I stuffed my poles back in to my pack, finding them not much use on the narrow trail. We crossed under the noisy power lines, shuffled about for a few minutes finding the trail’s continuation and then, more up. Up. Up. It wasn’t your brutal steep climb, just a continuous grade. After about an hour the trail flattened out somewhat. In places, it seemed like we were walking in the river bed, but the snow was deep and compact enough that the boots stayed dry. This was my favorite part of the trail - it was so quiet here. The trees had opened up a little - they were bigger but let more sky and snow in, and with the altitude gain the snowflakes had gone from dust to big flakes that sat on your hand for a minute before disappearing.

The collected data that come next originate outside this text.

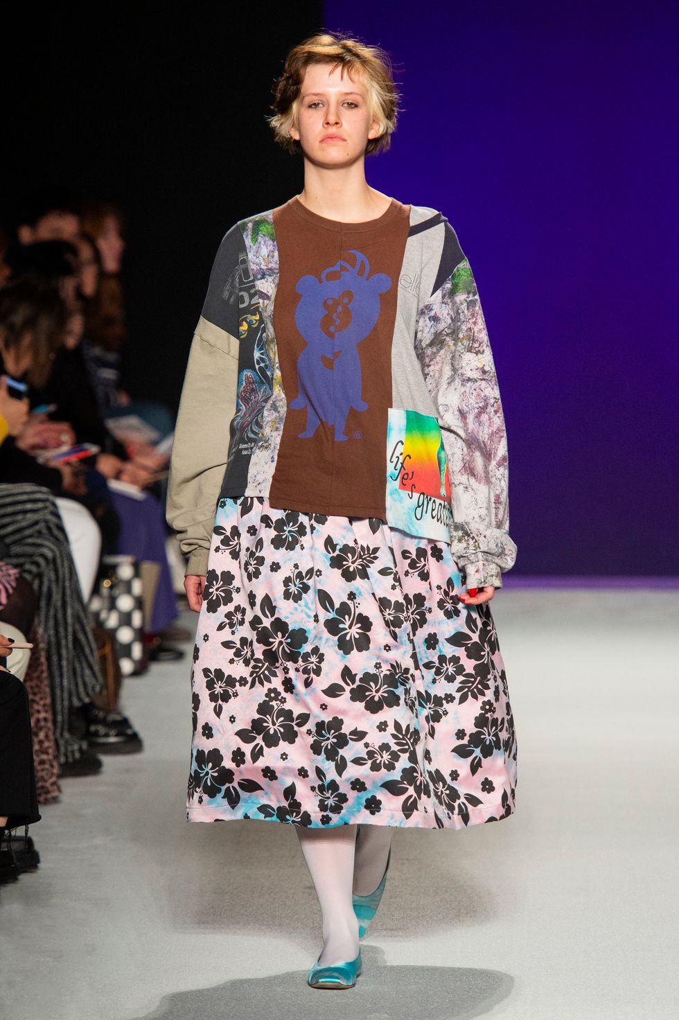 London fashion week may have just kicked off, but it's already been a day full of magical moments. Designer Ashley Williams' collection is already sure to be a highlight — with fun animal print dresses, tie dye pants and fun details such as bows. Model Adwoa Aboah opened the show wearing a black fleece pullover covered in sperm print. Here's everything else you need to know about the show.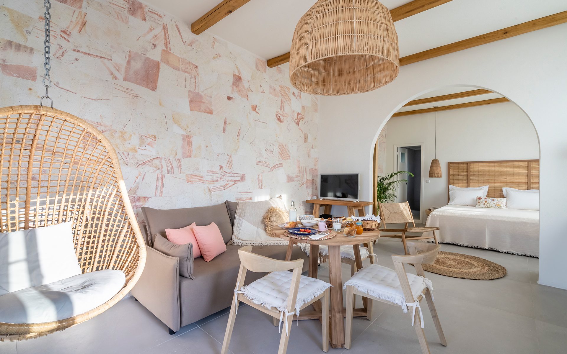Psathaki: Όμορφο συγκρότημα κυκλαδίτικης αισθητικής με άνετα, φωτεινά δωμάτια και σουίτες. Διακόσμηση λιτή αλλά στιλάτη, στρώματα cocomat και περιποιημένες βεράντες (Ψάθη, 2287051645, www.psathaki.gr).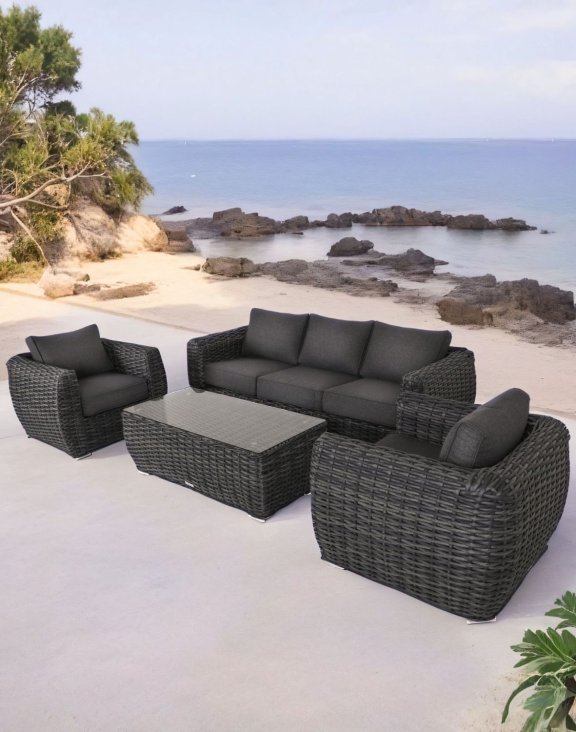 Korfu składa się z czterech elementów - dwóch foteli, trzyosobowej kanapy i stolika kawowego ze szklanym blatem (wykonany ze szkła hartowanego). Zestaw ten oferuje doskonałą przestrzeń do relaksu i spotkań na tarasie czy w ogrodzie.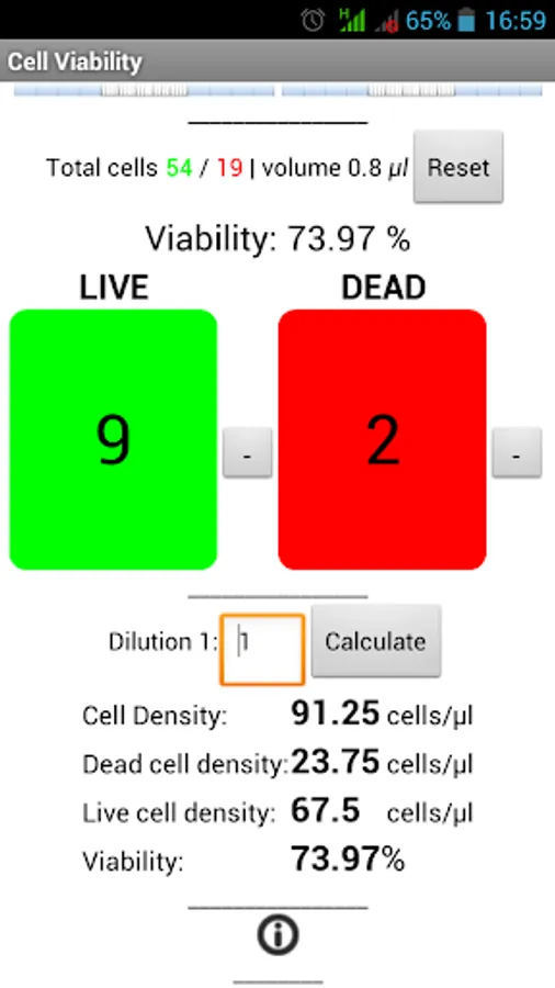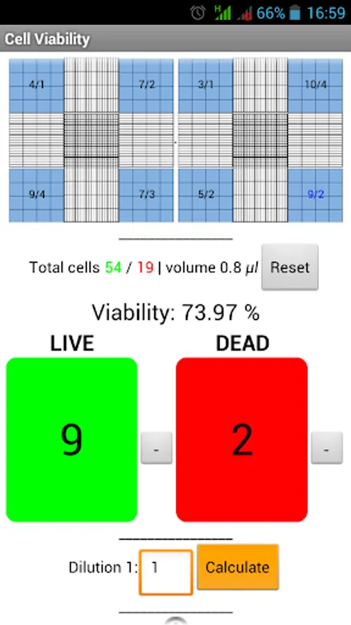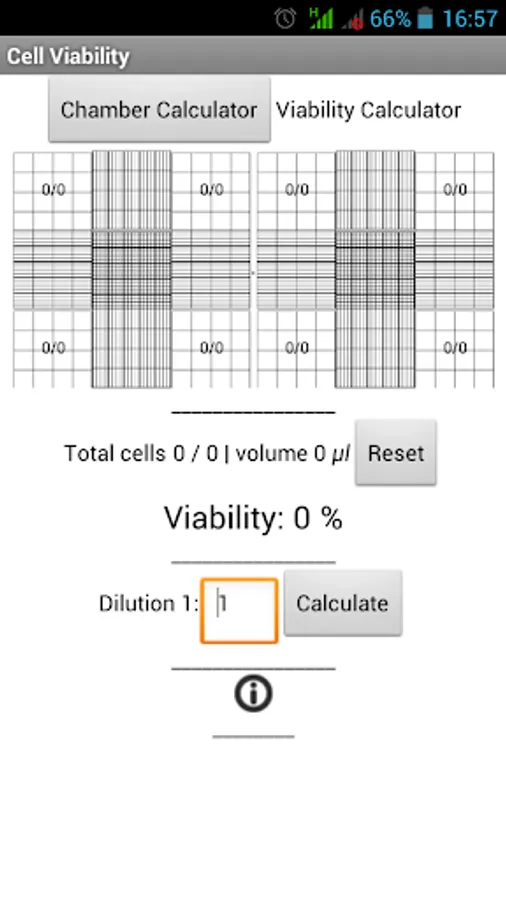 Cells Calculator is a tool to help you calculate density of cells in Hemocytometer. It has two mode, "Chamber calculator" and "Viability calculator".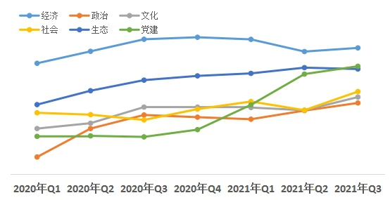 從近幾個(gè)季度的評(píng)估結(jié)果來看,經(jīng)濟(jì)領(lǐng)域熱度值領(lǐng)先其他領(lǐng)域;黨建領(lǐng)域熱度值從2020年第三季度開始穩(wěn)步上升,且增幅高于文化、社會(huì)等領(lǐng)域;政治領(lǐng)域改革熱度值從今年一季度以來持續(xù)呈上升趨勢。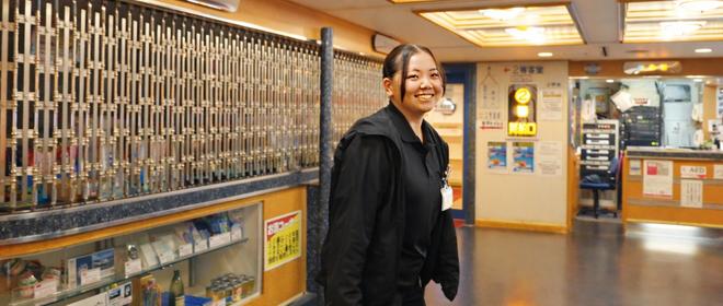 船の操縦や入出港作業を担う甲板部、エンジンや発電機など船の心臓を守る機関部、お客様や船員の安全を支える事務部。そして、港で切符販売や係船作業を行う営業所職員。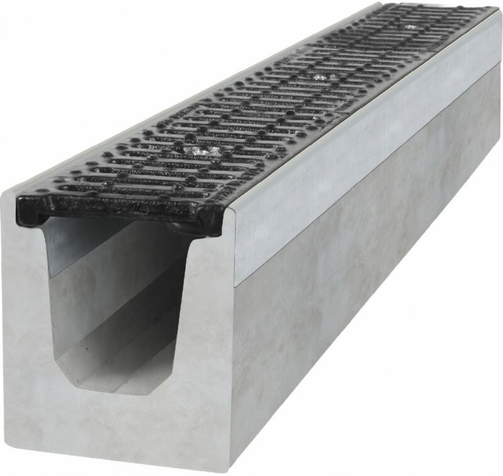 Odvodňovací betonový žlab BIELBET B125 s litinovou mříží 1000 x 145 x 160 mm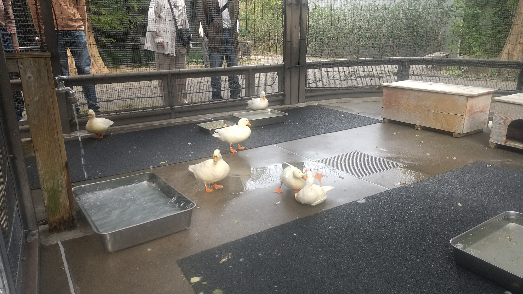 当日はお互いに自己紹介し、始めにコールダックというあひるの見学に向かいました。「ガーガー」と激しい鳴き声が聞こえ、子どもたちは「なんだろう」「すごく鳴いているね」と言いながらケージをのぞくと、複数いる中の1匹がもう1匹のおなかにくちばしを激しくつつく様子が見られました。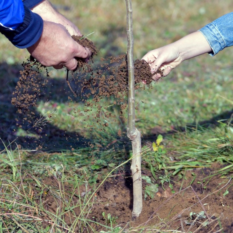 Soil is placed Thursday around a newly planted pear tree at Windsor Elementary School. Joe Phelan/Kennebec Journal
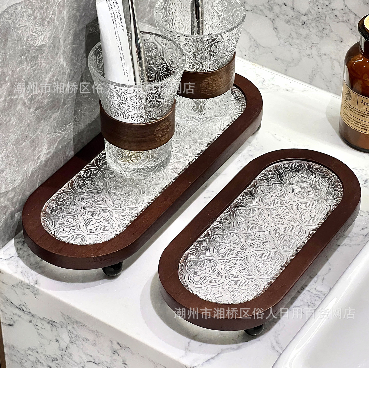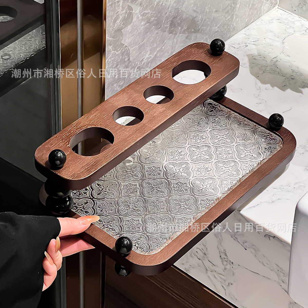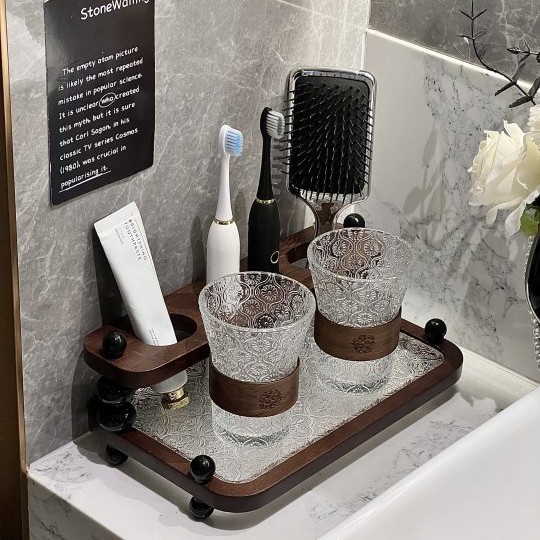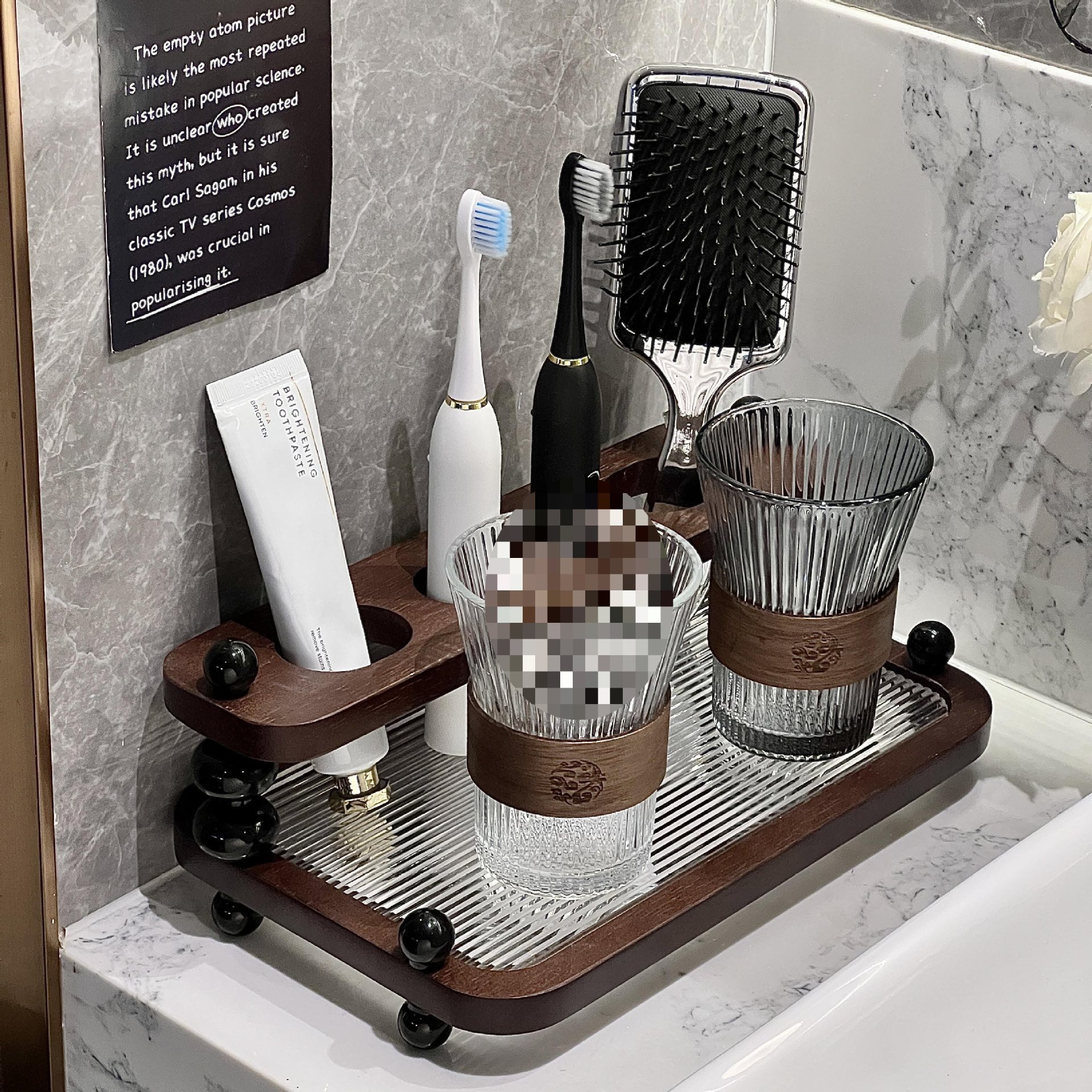 中古风漱口杯套装收纳架高颜值玻璃口杯一体卫生间洗漱台面置物架

We passed a marker saying we were entering the National Forest. A few yards further up the hill, we stopped for a snack. Erin had hot cocoa in her thermos (yum!). My granola bar had frozen in my pack - I hadn’t realized it was that cold. We were sure we’d gone the distance, but still, no lake. We decided to go up a little bit more to see if there was an obvious saddle. The trail turned brutally steep here and after a difficult climb, we opted to turn back.

While certainly I’d have liked to see the lake, Erin had chores to do, I had dinner plans, and there were two hours between us and Seattle. We both were feeling very satisfied and accomplished, lake or no lake. After all, we’d done exactly what we’d set out to do: go snowshoeing! The big trees of the Pacific Northwest decorated in frost and snow, the sparkling noise of the river, the moss jewelry hanging on the branches, a flawless snow, and no wind. What a perfect day.

After driving back across the pass, I stopped the car at a gas station/convenience market. Ravenous, I plowed through a tupperware container of Thanksgiving leftovers. Erin made short work of a burrito. I was home with time for shower and a short nap before heading out to dinner. This morning I’m sore in places I’d forgotten I had, but I’m also really happy. Winter is coming and soon I’ll be in a snowy playground. I can’t wait for days like yesterday to be a dime a dozen.

Gear note: A few weeks back I got a pair of MSR Denali snowshoes on loan. The frame isn’t the tube frame you often see on most snowshoes, it’s more like a cookie cutter with teeth in it. I can’t say if these things offer good floatation; our snow just wasn’t that deep. I can say, however, that I got in and out of the bindings in a snap and that the traction is excellent. I felt like a cat climbing a tree on the steep part of our hike.